Chicago: America’s most segregated city

The lives of black and white Chicago residents could hardly be more different.

The Windy City, which is currently contending with a series of police shootings of black Chicagoans, is the most segregated major metro area in the nation. And it’s been in the top 3 in terms of segregation for many years, according to the Voorhees Center for Neighborhood and Community Improvement at the University of Illinois at Chicago.

In Chicago, blacks and whites live clustered in separate parts of the city. In fact, some 72% of black or white residents would have to move to a different census tract to even out the numbers, according to a commonly used segregation measure called the index of dissimilarity. In New York, the figure is 65% and in Philadelphia, it’s 63%.

“Even in a country marked by high levels of segregation, Chicago stands out,” said Richard Reeves, a senior fellow at Brookings who recently co-authored a blog post on inequality in Chicago.

Over the past 40 years, there’s been a marked increase in the number of very wealthy and very poor Chicagoans, said Janet Smith, co-director of the Voorhees Center. The middle class, meanwhile, has moved to the suburbs.

Young, white, highly educated professionals are moving to Chicago’s North Side along Lake Michigan and neighborhoods west of the downtown, while very low-income areas in the city’s South and far West sides are also expanding.

“In 1970, Chicago had a lot of middle-class families,” Smith said. “That’s not the case anymore.”

The population shift is one reason why the income of white residents has risen steadily since 1990. While blacks saw their income climb a bit at the end of the last century, it has since fallen below 1990 levels, according to Census figures.

More than one-third of Chicago’s black residents are poor. But that statistic doesn’t show how concentrated poverty is.

Just over half of census tracts with a majority black population have more than 30% of families living in poverty, according to Reeves’ post. Only 2% of predominantly white census tracts have that high a percentage of families in poverty.

On the flip side, only 7% of majority black tracts have fewer than 10% of families in poverty, while 81% of majority white tracts do.

Previous housing and mortgage policies that kept black residents confined to Chicago’s poorer neighborhoods also limited their ability to buy homes and build wealth.

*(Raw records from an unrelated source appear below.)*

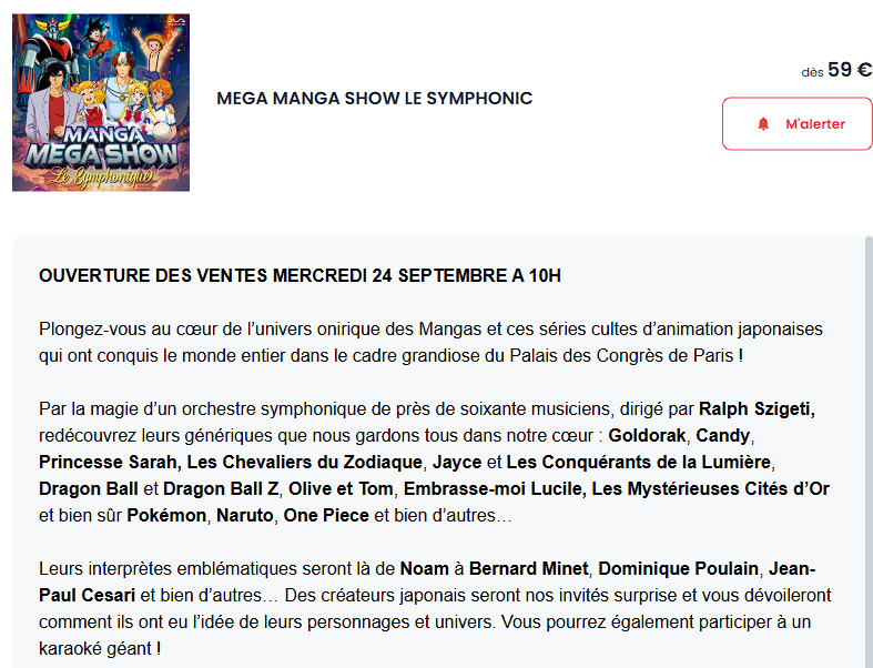 Ca vient de tomber. Un grand concert symphonique sur le thème des animés, dont les Mystérieuses Cités d'Or, va avoir lieu le 06/02/2026 à Paris, au Palais des Congrès !
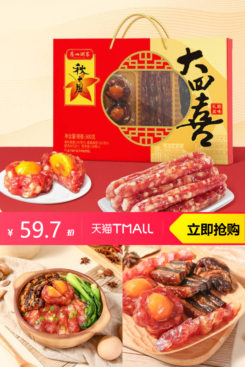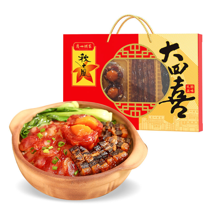 【官方立减22.3,淘金币抵扣1.78,凑消费券200-25,到手50.68】叠淘金币2.59+凑消费券后到手54.64元,大四喜腊味礼盒500g, 广州酒家大四喜腊味礼盒广式腊肠香肠腊肉煲仔饭新年年货送礼团购
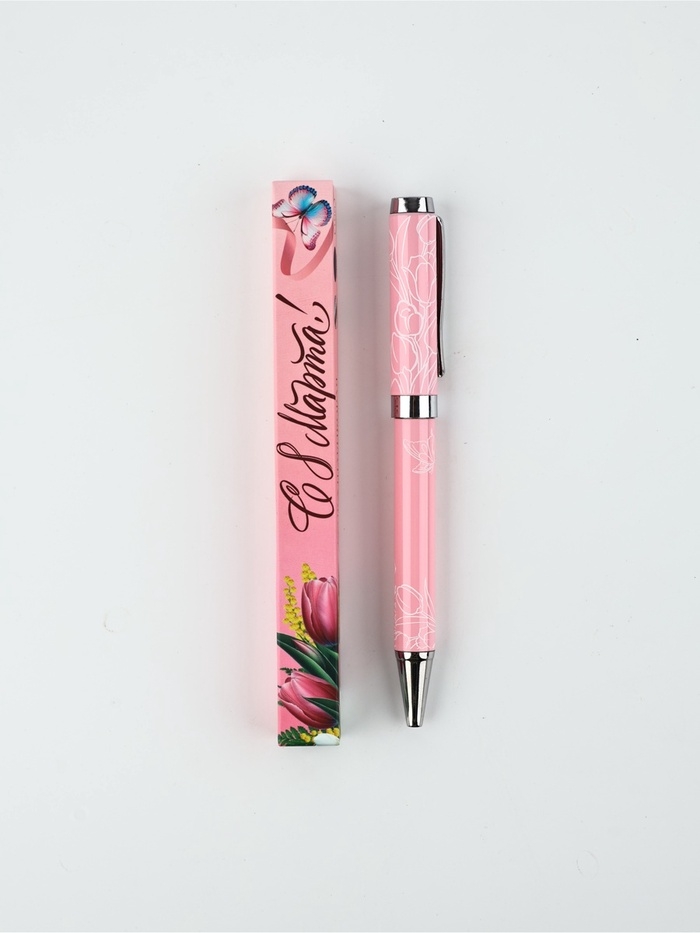 Ручка шариковая синяя паста металлический корпус в коробке «С 8 Марта!», 1.0 мм
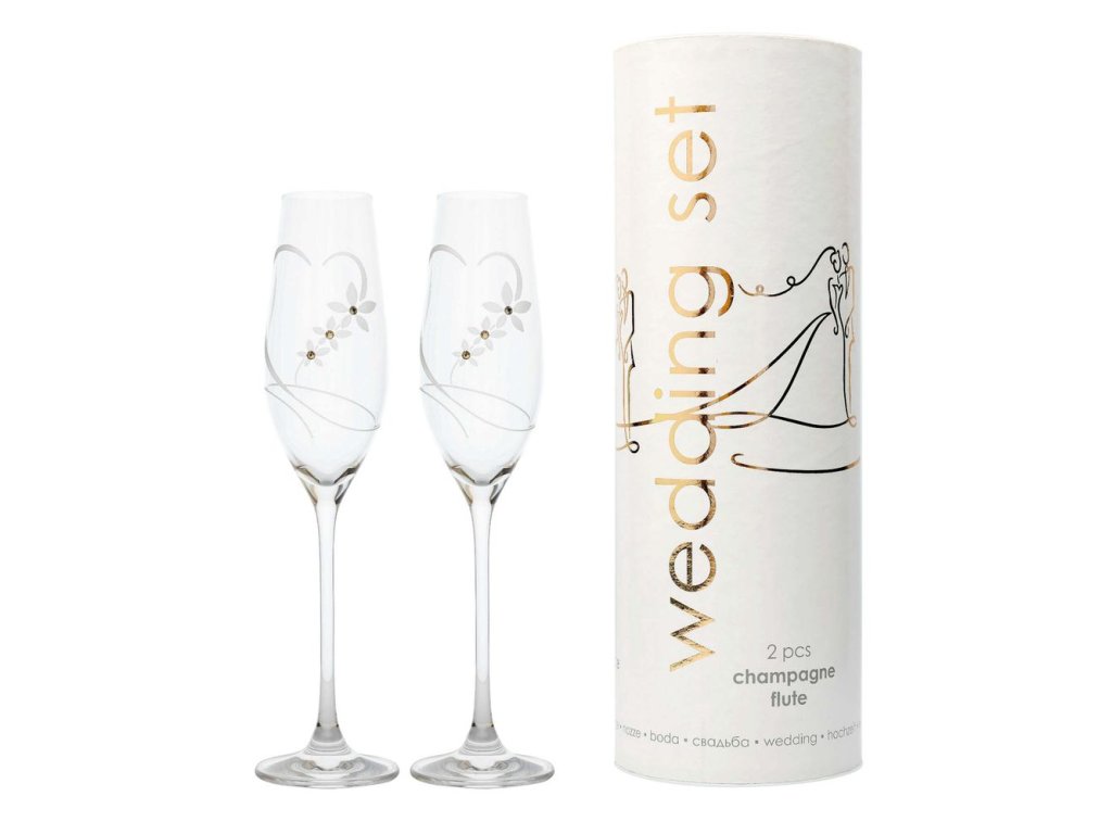 sklen. 210ml, 2ks SVATEBNÍ set, d6,6x26,3cm, Swarovski-flétna

As a result, many black residents rent for generations.

“The scars of segregation, redlining, housing policies and discrimination are still very visible today,” said Lauren Nolan, economic development planner at the Voorhees Center.

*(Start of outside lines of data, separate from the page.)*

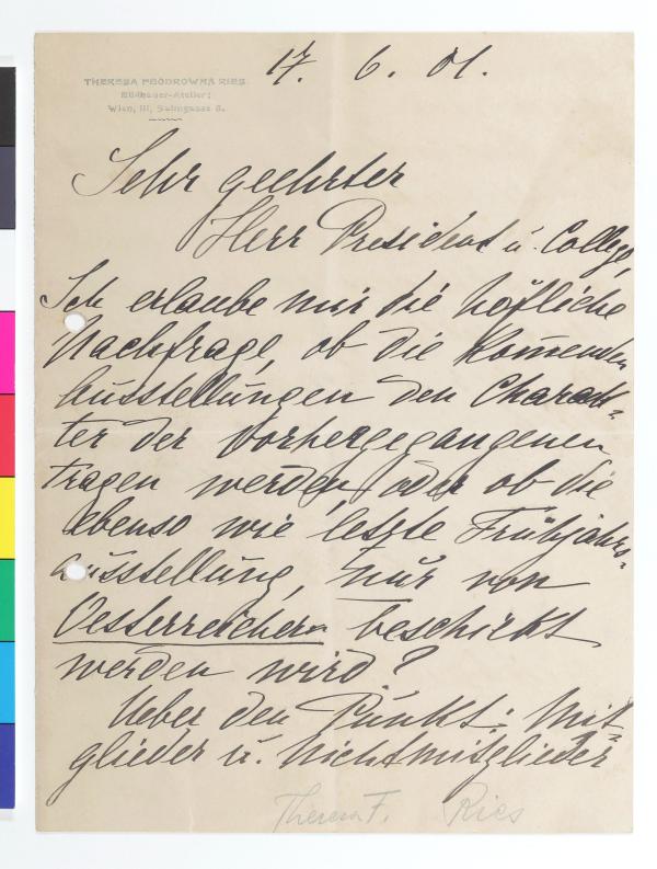 Brief von Teresa Feodorowna Ries an Alfred Roller
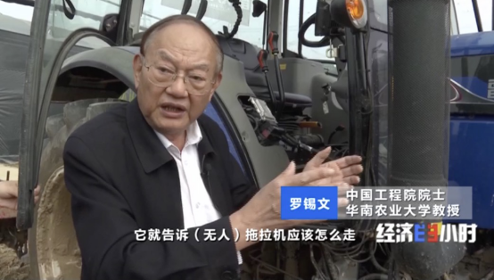 中國工程院院士、華南農業大學教授羅錫文告訴《經濟半小時》記者,這14畝地使用無人駕駛拖拉機,40分鐘左右就完成了播種,這個效率是人工的100倍以上。
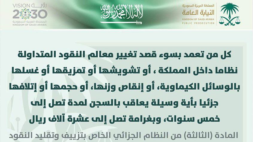 النيابة العامة: السجن 5 سنوات وغرامة مالية لكل من يشوه النقود #السعودية

Unemployment among blacks is higher in Chicago than it is nationally, and the gap between whites’ and blacks’ unemployment rates is larger. Whites had an average annual unemployment rate of 5.3% in 2014 nationally, while the rate for blacks was 11.3%.

One reason why so many blacks in Chicago are out of work is because of the loss of manufacturing jobs on the city’s South side over the past 15 to 20 years, Smith said. This also adds to blacks’ higher poverty rates and declining incomes.